Observability (OpenTelemetry)

You can't operate an agent runtime in production without observability, and the cost of bolting it on after the fact is paid in incidents you can't reproduce. AgentOS treats spans, metrics, and log correlation as first-class concerns — but it does not own the OpenTelemetry SDK lifecycle. The SDK is an application-level concern: your host owns exporters, sampling, and context propagation, because the right answer for a CLI process is different from the right answer for a long-running server is different from the right answer for an edge worker.

What AgentOS owns is the emit side: opt-in spans around turns and tool-result handling, opt-in counters and histograms for the operations worth measuring, optional trace-correlation in logs and streamed response metadata, and an optional path to export application logs as OTEL LogRecords. All defaults are off. Turning them on is a single config change, and the runtime will surface to whatever exporter your host has wired (OTLP to Honeycomb, Tempo, Jaeger, Grafana Cloud — the runtime doesn't care, because your host SDK is what does the export).

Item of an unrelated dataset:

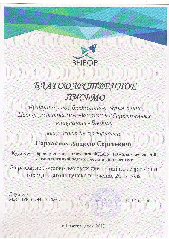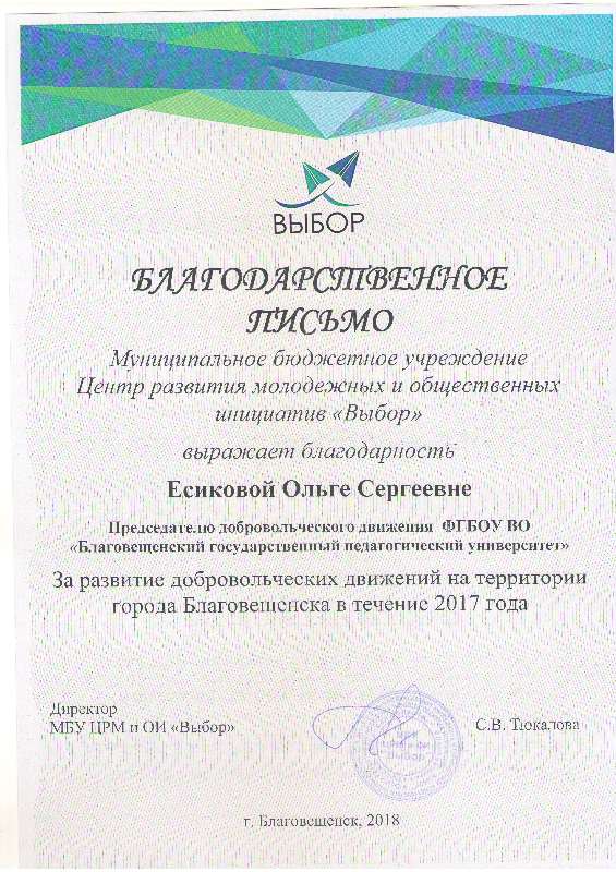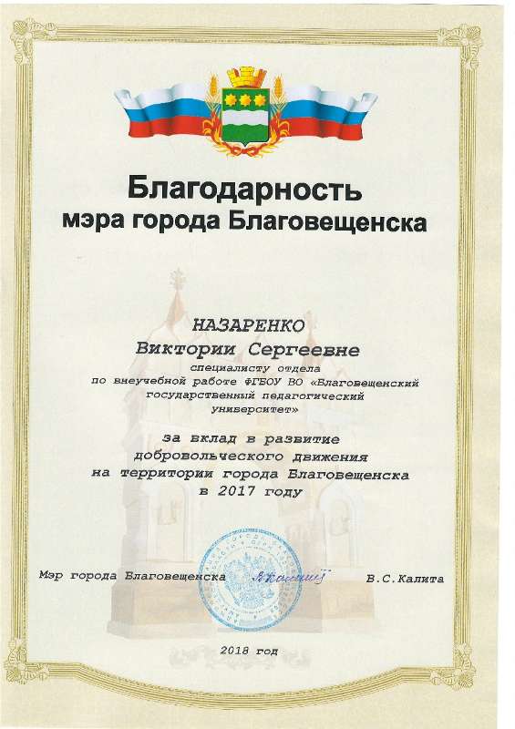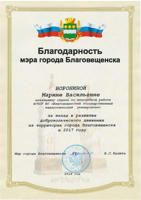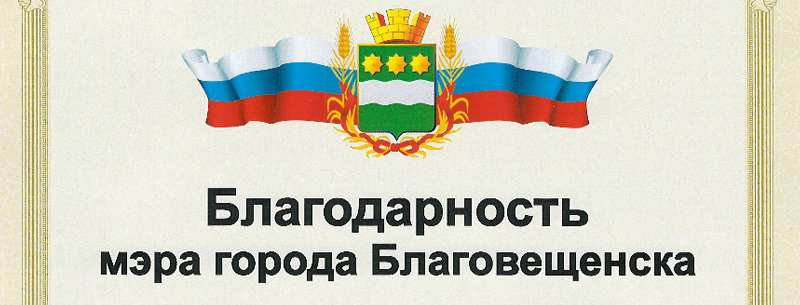 благодарности от мэра г. Благовещенска и благодарственные письма от Центра

The implementation lives in src/evaluation/observability/ and uses @opentelemetry/api directly — never bundled, always peer-dep-style imported, so your host SDK is the one and only OTEL provider in the process.

Overview
Opt-In Policy
Enable via AgentOS Config (Recommended)
Enable via Environment Variables
Host Setup (Node.js Example)
What AgentOS Emits
Logging (Pino + OTEL Logs)
Privacy & Cardinality
Performance Notes
SOTA Techniques (TypeScript Agentic AI)

Overview

Defaults (all OFF):

Manual AgentOS spans
AgentOS metrics
Trace IDs in streamed responses
Log correlation (trace_id, span_id)
OTEL LogRecord export

When enabled, AgentOS emits:

Spans around turns and tool-result handling
Metrics for turn/tool counters + histograms
Optional: trace correlation in logs and streamed response metadata
Optional: OTEL LogRecords (exported by your host, via OTLP)

Opt-In Policy

There are two layers:

Host OTEL SDK (required for export)
- In Node: @opentelemetry/sdk-node + exporters/instrumentations.
- In browsers: the web OTEL SDK (if you choose to export from the client).
AgentOS instrumentation toggles (controls what AgentOS emits)
- Env flags (global defaults)
- AgentOSConfig.observability (per-agent control)

Precedence:

AgentOSConfig.observability.enabled = false hard-disables all AgentOS observability helpers (even if env is set).
Otherwise, config fields override env fields, and env provides defaults.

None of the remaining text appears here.